La lezione appare semplice. Se la Lega rivendica la propria identità e insiste sui temi dell'autogoverno, ha un proprio spazio, ben distinto da quello ora occupato da Giorgia Meloni; e si tratta di un'area tanto vasta da permettere pure altre rilevanti performance. Questo non significa che Salvini debba accantonare le battaglie contro il green deal e le follie ecologiste, contro la burocrazia europea, contro l'immigrazione di massa e contro il politicamente corretto.
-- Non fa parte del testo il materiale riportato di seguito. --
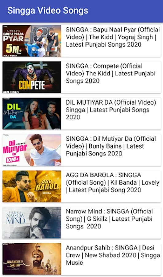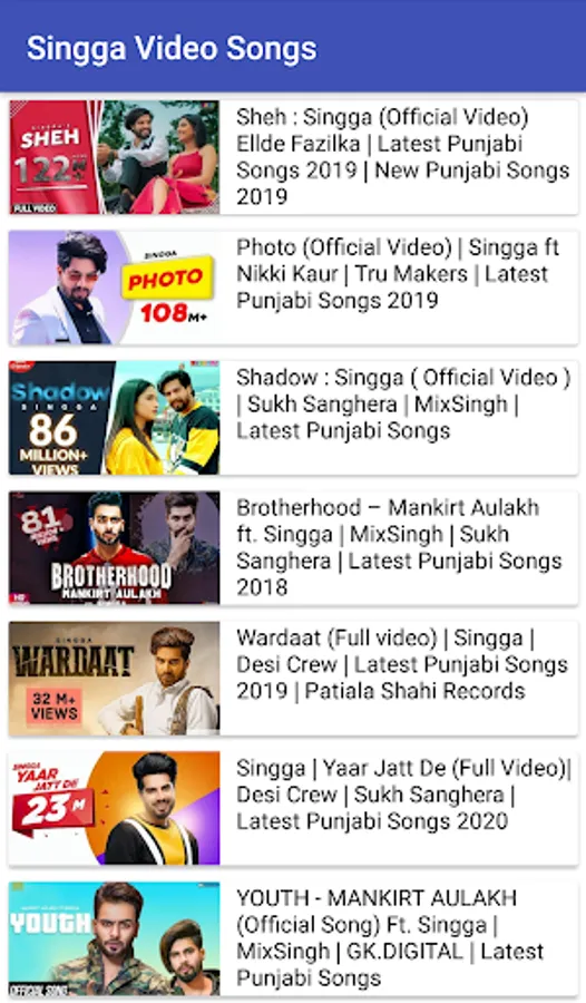 Singga (ਸਿੰਗਾ ) is amazing punjabi singer who has given amazing punjabi songs as a writer and singer.This app is to provide Singga's latest tracks to his fans along with videos.

Al contrario, proprio un suo delinearsi quale difensore di ogni specifica comunità regionale e locale da Nord a Sud gli permetterebbe di interpretare con ancora maggior decisione quei temi.
Senza dubbio l'Italia non è il Veneto. Non ovunque abbiamo quel forte attaccamento alla propria realtà che contraddistingue le terre della Serenissima. Al tempo stesso, Salvini deve prendere atto che in Campania una Lega genericamente di destra si ferma al 5% e in Puglia all'8%: meno della metà dei voti ottenuti da Fratelli d'Italia.
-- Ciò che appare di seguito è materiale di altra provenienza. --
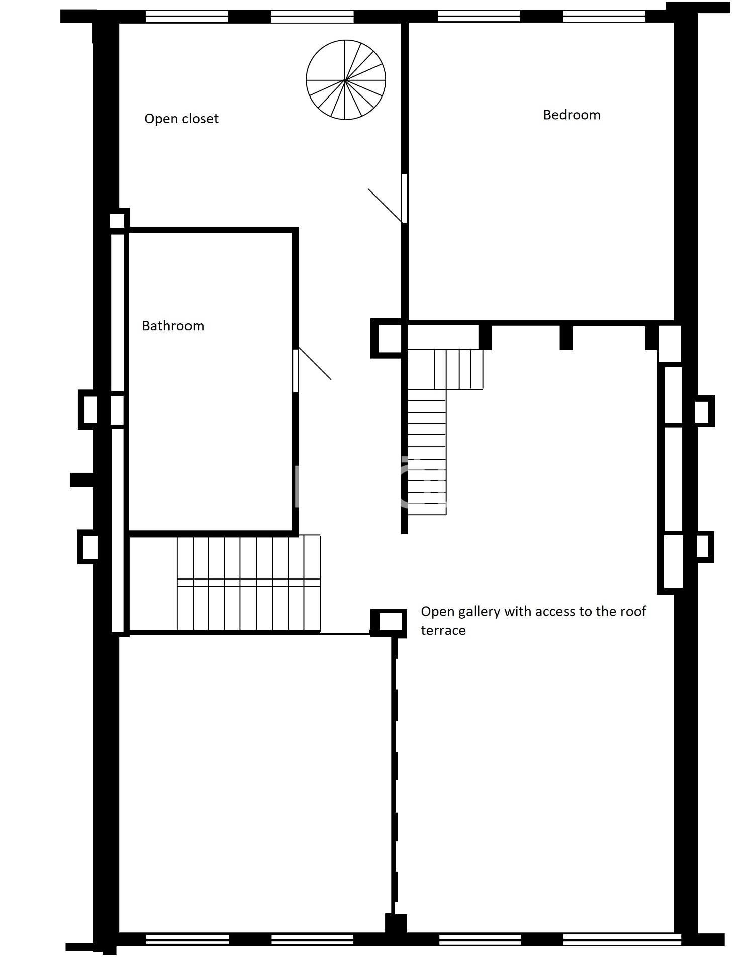 Z galerie je po točitých schodech přístupná střešní terasa.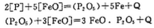 在氧氣頂吹轉(zhuǎn)爐中,磷的氧化是在爐渣-金屬界面中進(jìn)行的,其反應(yīng)式為:

Dopo una Lega nordista (quella di Bossi) e dopo una Lega nazionalista, sembra allora venuto il momento di valutare la possibilità di delineare un progetto autenticamente federalista, che intercetti quella voglia di autogoverno che a ben guardare non è forte soltanto in Veneto, ma anche in Sardegna e in Sicilia, a Napoli e in Friuli, in Lombardia e in Liguria, e via dicendo.
Non è un caso che, appena eletto, il nuovo governatore campano Roberto Fico abbia dichiarato senza mezzi termini di non volere l'autonomia differenziata: e non parlava della Campania, ma semmai delle altre regioni.
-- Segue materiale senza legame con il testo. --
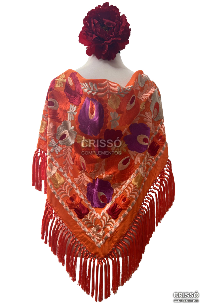 • MANTÓN AGATA NARANJA CON BUGANVILLA

Fico sa bene che, a ogni latitudine, molti nutrono il sogno di un riassetto elvetico dell'attuale Repubblica, ma sa anche che dirigersi in quella direzione sbarrerebbe la strada al populismo spendaccione dei Cinquestelle e imporrebbe una diversa, e migliore, qualità delle nostre amministrazioni.Le urne hanno mandato alla Lega un messaggio chiaro e forte. Ora si tratta di vedere se sarà accolto nel modo giusto.